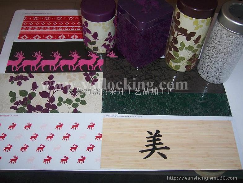 荣升工艺品加工厂主营: 1.各类纸张表面植绒:如相册、笔记本、礼品盒、贺卡、商标吊牌植绒等。
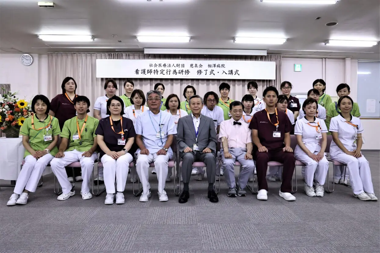 理事長の相澤からは「特定行為研修を修了した皆さんがこれからどう活動していくかが、慈泉会相澤病院だけでなく、医療界にとって大事なことだと思う。日本の医療の働き手が減り、しかし医療の質は担保しなければならないという中で、皆さんが特定行為研修修了看護師として、これから活躍してくれることを期待している。」と修了生に言葉がありました。
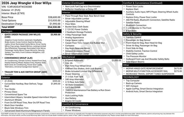 Experience the thrill of the open road and the freedom of the great outdoors in the 2026 Jeep Wrangler Willys. Schedule a test drive today and discover the true spirit of adventure that lies within. Art is for illustration purposes only. Not responsible for errors or omissions. All vehicle's are plus tax, title, license, official fees, equipment and destination fees.. Price includes: $1000 - 2026 National Retail Bonus Cash . Exp. 04/30/2026 $1500 - 2026 Southwest BC Bonus Cash . Exp. 04/30/2026 Price includes $18,886 of dealer added accessories.
------------------------
Exercise details:
Restate every line of the data above word for word, with the images removed.

Result of the task:
 荣升工艺品加工厂主营: 1.各类纸张表面植绒:如相册、笔记本、礼品盒、贺卡、商标吊牌植绒等。
 理事長の相澤からは「特定行為研修を修了した皆さんがこれからどう活動していくかが、慈泉会相澤病院だけでなく、医療界にとって大事なことだと思う。日本の医療の働き手が減り、しかし医療の質は担保しなければならないという中で、皆さんが特定行為研修修了看護師として、これから活躍してくれることを期待している。」と修了生に言葉がありました。
 Experience the thrill of the open road and the freedom of the great outdoors in the 2026 Jeep Wrangler Willys. Schedule a test drive today and discover the true spirit of adventure that lies within. Art is for illustration purposes only. Not responsible for errors or omissions. All vehicle's are plus tax, title, license, official fees, equipment and destination fees.. Price includes: $1000 - 2026 National Retail Bonus Cash . Exp. 04/30/2026 $1500 - 2026 Southwest BC Bonus Cash . Exp. 04/30/2026 Price includes $18,886 of dealer added accessories.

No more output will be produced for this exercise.